Most scientists doubt that any living cell could have survived freezing on the open tundra. But Sooam’s Insung Hwang, who organized the Yana river expedition, had a plan B: to capture an intact nucleus of a mammoth cell, which is far more likely to have been preserved than the cell itself. The Sooam researchers will need to transfer the nucleus into an elephant egg that has had its own nucleus removed.
The dodo and the great auk, the thylacine and the Chinese river dolphin and the imperial woodpecker-the bucardo is the only one in the long list of animals humans have driven extinct, sometimes deliberately. Fernandez-Arias belongs to a small but passionate group of researchers who believe that cloning can help reverse that trend.
For the first time in history a group of geneticists, wildlife biologists, conservationists and ethicists had gathered at the National Geographic society’s headquarters in Washington DC to discuss the probability of de-extinction.
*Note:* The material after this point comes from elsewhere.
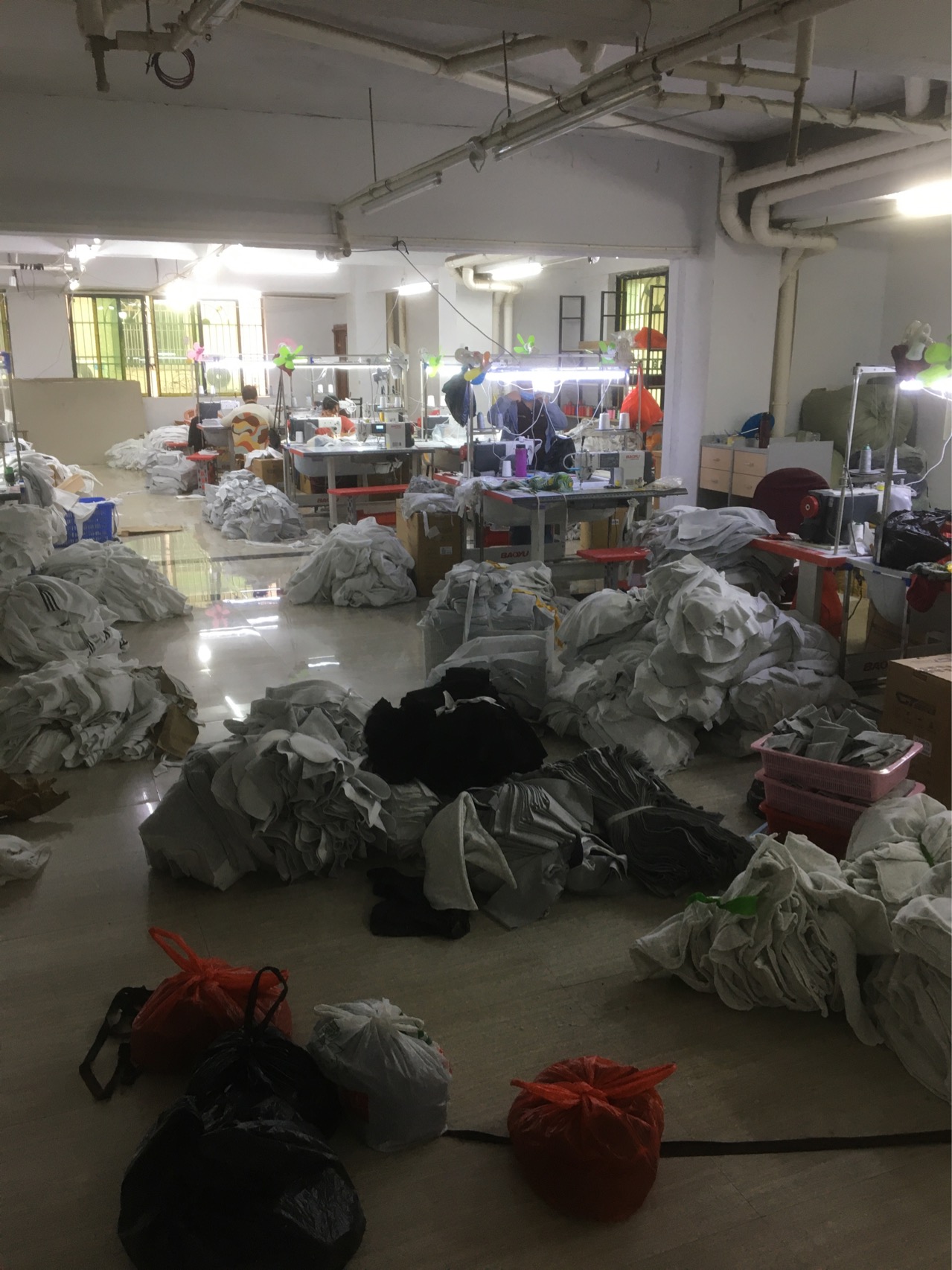 裤头车:1台,剪线机:2台,钉扣:1台,平车:16台,电烫炉:1台,打边机:10台,烫台:1台,冚车:2台,五线:3台,四线:8台

One by one, they stood up to present remarkable advances in manipulating stem cells, in recovering ancient DNA, in reconstructing genomes. As the meeting unfolded, a consensus was emerging: De-extinction was now within reach.
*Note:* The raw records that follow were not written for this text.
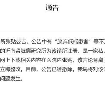 这几天,山东沂南县一家私人诊所贴出的"放弃低端患者"公告,直接把"医患矛盾"这层窗户纸捅破了。76岁的诊所负责人王某学,因为受不了少数患者"花一块钱想换一千块服务"的态度,从网上抄了段犀利文字贴墙上,结果引发轩然大波。 公告里写着:"低端患者花1块钱要10块钱的药,100块的效果,还得要1000块的服务!"而"优质患者从不讨价还价,只要真本事解决问题,心甘情愿买单"。这话虽然扎心,却折射出部分基层医疗机构的无奈——王某学后来坦言,有些患者不仅不配合治疗,还故意刁难,"开诊所不能爱心泛滥"。 但医疗毕竟不是买卖。沂南县卫健局迅速介入,指出这类言论严重背离医德要求,对王某学约谈批评并责令整改。目前公告已撤下,官方承诺将加强全县医疗机构监管。 这件事最让人深思的是:当"性价比"思维撞上医疗的公益性,医患之间该如何重建信任?或许双方都该想想——患者要理解诊所的运营成本,医生也需牢记"医者仁心"不是口号,而是底线。山东诊所 开诊所手续 小诊所乱用药 山东开诊所 医院诊所备案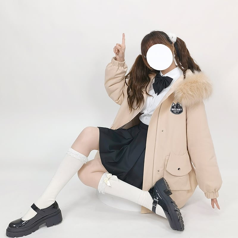 重量感のある厚手生地にフェイクファーのフードが可愛い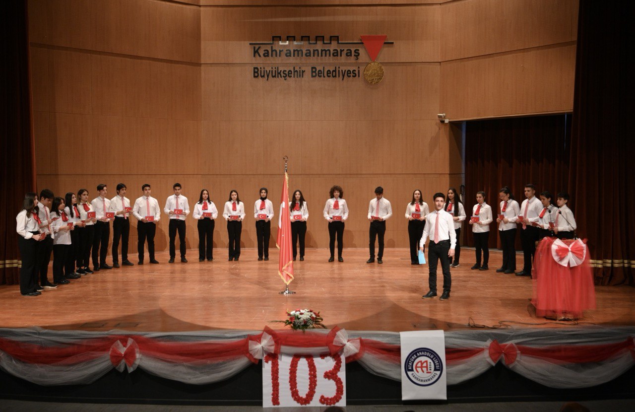 Kahramanmaraş Büyükşehir Belediye Başkanı Hayrettin Güngör, İstiklal Marşı’nın kabulünün 103. yıl dönümü ve Mehmet Akif Ersoy’u Anma Günü münasebetiyle Atatürk Anadolu Lisesi tarafından düzenlenen programa katıldı. Mehmet Akif Ersoy Kültür Merkezi’nde düzenlenen programda; Vali Mükerrem Ünlüer, Garnizon Komutanı Tuğgeneral Emin Mehmet Terzioğlu, Cumhuriyet Başsavcısı Ramazan Murat Tiryaki, Dulkadiroğlu Kaymakamı Dr. Fatih Çelikkaya, Onikişubat Kaymakamı Salih Çiğdem, İl Jandarma Komutanı Tuğgeneral Gökhan İnan, İl Emniyet Müdürü Nurettin Gökduman, Dulkadiroğlu Belediye Başkanı Necati Okay, kurum amirleri, STK temsilcileri, okul idarecileri, öğretmenler, öğrenciler ve vatandaşlar da yer aldı. Saygı duruşu ve İstiklal Marşı’nın okunmasıyla başlayan programda, şiir dinletileri ve sinevizyon gösterimi gerçekleştirildi.

“What we really need to think about is why we would want to do this in the first place, to actually bring back species’’ says Ross Mcphee, a curator of mammalogy at the American Museum of Natural History in New York.
In Jurassic Park dinosaurs are resurrected for their entertainment value. The disastrous consequences that follow have cast a shadow over the notion of de-extinction, at least in the popular imagination. But people tend to forget that Jurassic Park was a pure fantasy. In reality, the only species we hope to revive now are those that died within the past few tens of thousands of years and left behind remains that harbor intact cells or, at the very least, enough ancient DNA to reconstruct the creature’s genome. Because of the natural rate of decay, we can never hope to retrieve the full genome of Tyrannosaurus rex, which vanished about 65 million years ago. The species theoretically capable of being revived all disappeared while humanity was rapidly climbing toward world domination.
Other scientists who favor de-extinction argue that there will be concrete benefits. Biological diversity is a storehouse of natural invention. Most pharmaceutical drugs, for example, were not invented from scratch, they were derived from natural compounds in wild plant species which are also vulnerable to extinction. Some animals also performed vital services, which might benefit from their return.
Even if de-extinction proved a complete logistical success, the questions would not end. Passenger pigeons might find the rebounding forests of the eastern United States a welcoming home. But wouldn’t that be, in effect, the introduction of a genetically engineered organism into the environment? Could passenger pigeons become a reservoir for a virus that might wipe out another species.
De-extinction advocates are pondering these questions, and most believe they need to be resolved before any major project moves forward. Hank Greely, a leading bioethicist at Stanford university, has taken a keen interest in investigating the ethical and legal implications of de-extinction. And yet, as for many others, the very fact that science has advanced to the point that such a spectacular feat is possible is a compelling reason to embrace de-extinction.